Anonymous 0 Comments

This may be explained but I’ll add

The body have two defences so to speak. What you can consciously do and what you cant.

You can consciously tell your body to breathe or walk or blink. But the body can also handle these without your input, else we would spend every second thinking like this

“Step, step, breathe in, step, blink, step, breathe out,” you would never get anything done. It would be huge strain on the brain.

Also, the second defense is at a local level. By this, as someone has explained the heart has it’s own nerve system and pacemaker, that doesn’t need a brain to control. Which is why when someone “dies” the heart can actually be restarted, and sometimes bring them back, or sometimes the person is brain dead but the heart can live.

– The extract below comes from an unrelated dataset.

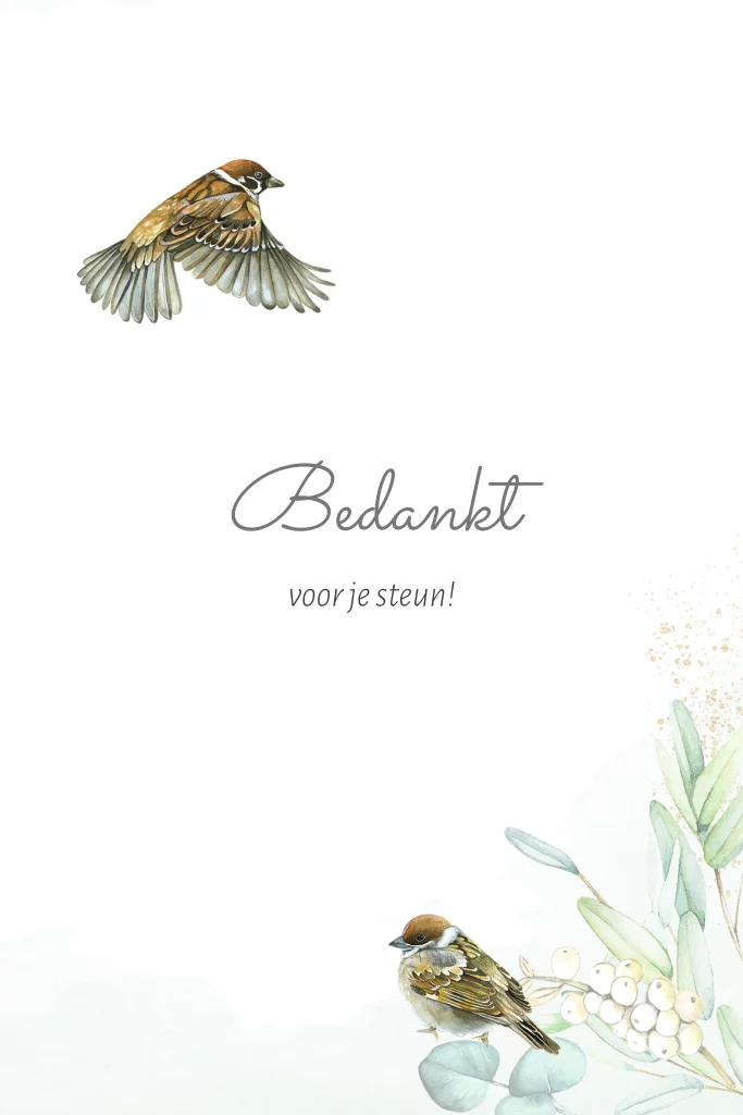 Bedankkaart na overlijden met mus: Op deze bedankkaart na overlijden staan twee mussen vogels afgebeeld. De kaart is botanisch getekend en heeft een natuurlijke uitstraling door de groene kleuren. De vogels zijn watercolour illustraties en staan symbool voor degene die is overleden (888)

Which is why a heart transplant can be done. The organ can control it self.

Another example is the spine. If you stub your toe , what happens is the toe senses danger, that travels up the foot, up the leg and into the spine. Now instead of going to the brain only, the spine will tell the leg to pull away quickly, in doing so it also knows to throw your weight to the other leg to balance. All that is done without a brain!

There was a study done, nasty to see. Where they cut the brain stem of a cat, and put it onto a treadmill. The “dead” cat was able to walk and step over a hurdle, all without any input from the brain.

You may have heard of the headless chicken? True story. No brain, but it lived based purely on body reaction alone.